▸ What is being asked
From the first line of the material to the line containing "Внутри: отделения для купюр и монет", inclusive, write out each line exactly, leaving out the pictures.

▸ Information shown

Start of Block

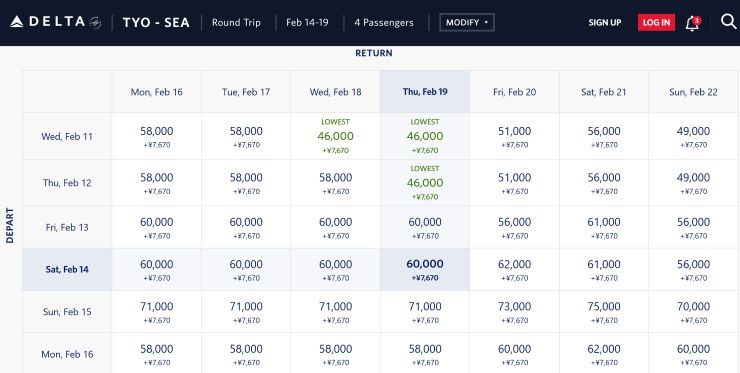 来年2月中旬、春節の「9連休」があります。^^ 一般的に、単身赴任の海外駐在員は日本に一時帰国するものです。 もちろんわたしも考えはしたのですが、@ 2月はまだ寒いし A 中旬あたりから花粉の悲惨、もとい、飛散が始まるし B この年末年始にかけて一時帰国するし C 翌月(3月)にも日本出張があるし D そもそも、間もなく丸7年となるこの香港駐在自体この先はもう長くないし E 長男氏は期末試験前でどこも出かけられないと言うし、、、これだけの理由があると、日本は選択肢から外れてしまいます。 かと言って、香港にいても。。。 このシチュエーションで、「9連休」をどのように使ったら最も有意義か、というテーマで、あれやこれや考えています。 先日、実家の父が「グランドティトン(Grand Teton)をもう一度見てみたいな」と言っていたことを思い出して、ふと、デルタのウェブサイトで東京から飛んだ際の(無料航空券の)必要マイル数を調べてみました。 8月、長女氏がアトランタに旅行した際、虎の子の12万マイルを拠出してしまったので、残りは41万マイル。デルタは(今のところ)マイレージの有効期限がないのがナイス!です。 イエローストーンやグランドティトンのゲートシティーは、一般的にソルトレイクシティです。 (直行便はないので)シアトルあたりでトランジットになるわけですが、うーむ、、、 かなりのマイルを取られます。 が、シアトルだと、おぉ、6万マイル。ジジババに長女氏、4人でも24万マイルで収まります。 ↓
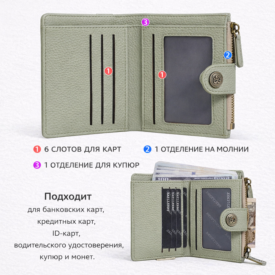 Внутри: отделения для купюр и монет
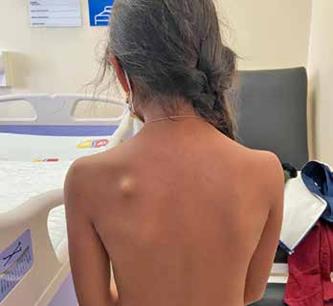Paciente mujer de 8 años de edad, autoidentificada como mes- tiza, que no presentaba antecedentes personales clínicos ni quirúrgicos de relevancia, sin historial de neoplasias óseas en su familia. Madre refiere que hace 3 años apareció una masa en región de tórax posterior a la altura del tercio proximal de omóplato izquierdo. La paciente es valorada, en un primer momento, por el centro de salud de la localidad donde vivía y se refirió el caso al servicio de Traumatología pediátrica del Hospital General de la Provincia que decidió el ingreso para su estudio.
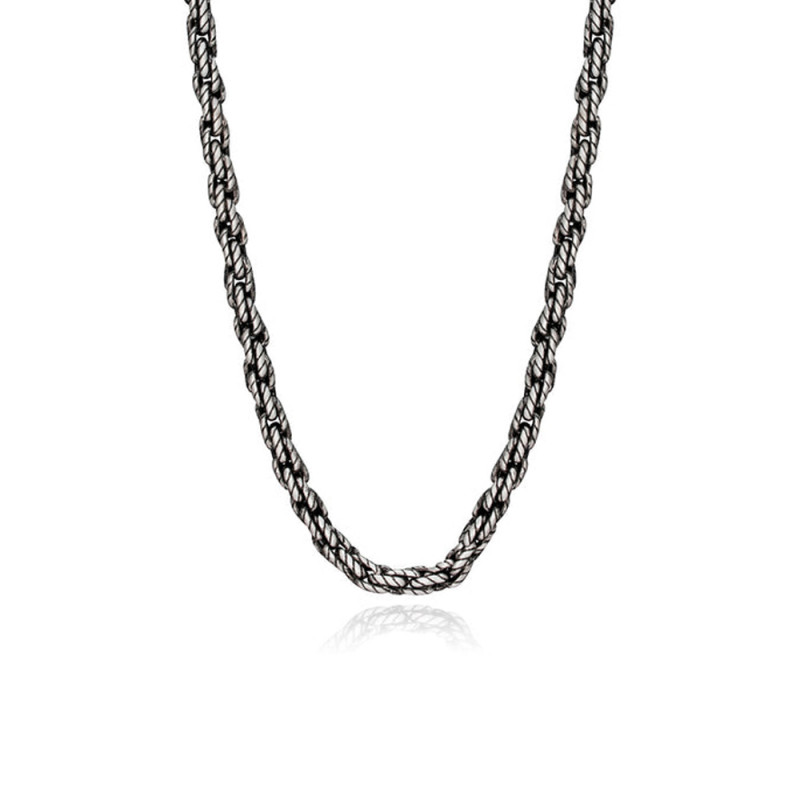 Llueix espectacular amb aquesta cadena de cordó d´home d´acer color negre. Dissenyada per als qui aprecien la bellesa i el detall. Amb materials seleccionats meticulosament i un disseny innovador, aquesta joia promet ser un complement imprescindible a la teva col·lecció, ideal per realçar qualsevol vestit amb un toc de distinció. Llarg 60 cm

End of Block

▸ Completed task
 来年2月中旬、春節の「9連休」があります。^^ 一般的に、単身赴任の海外駐在員は日本に一時帰国するものです。 もちろんわたしも考えはしたのですが、@ 2月はまだ寒いし A 中旬あたりから花粉の悲惨、もとい、飛散が始まるし B この年末年始にかけて一時帰国するし C 翌月(3月)にも日本出張があるし D そもそも、間もなく丸7年となるこの香港駐在自体この先はもう長くないし E 長男氏は期末試験前でどこも出かけられないと言うし、、、これだけの理由があると、日本は選択肢から外れてしまいます。 かと言って、香港にいても。。。 このシチュエーションで、「9連休」をどのように使ったら最も有意義か、というテーマで、あれやこれや考えています。 先日、実家の父が「グランドティトン(Grand Teton)をもう一度見てみたいな」と言っていたことを思い出して、ふと、デルタのウェブサイトで東京から飛んだ際の(無料航空券の)必要マイル数を調べてみました。 8月、長女氏がアトランタに旅行した際、虎の子の12万マイルを拠出してしまったので、残りは41万マイル。デルタは(今のところ)マイレージの有効期限がないのがナイス!です。 イエローストーンやグランドティトンのゲートシティーは、一般的にソルトレイクシティです。 (直行便はないので)シアトルあたりでトランジットになるわけですが、うーむ、、、 かなりのマイルを取られます。 が、シアトルだと、おぉ、6万マイル。ジジババに長女氏、4人でも24万マイルで収まります。 ↓
 Внутри: отделения для купюр и монет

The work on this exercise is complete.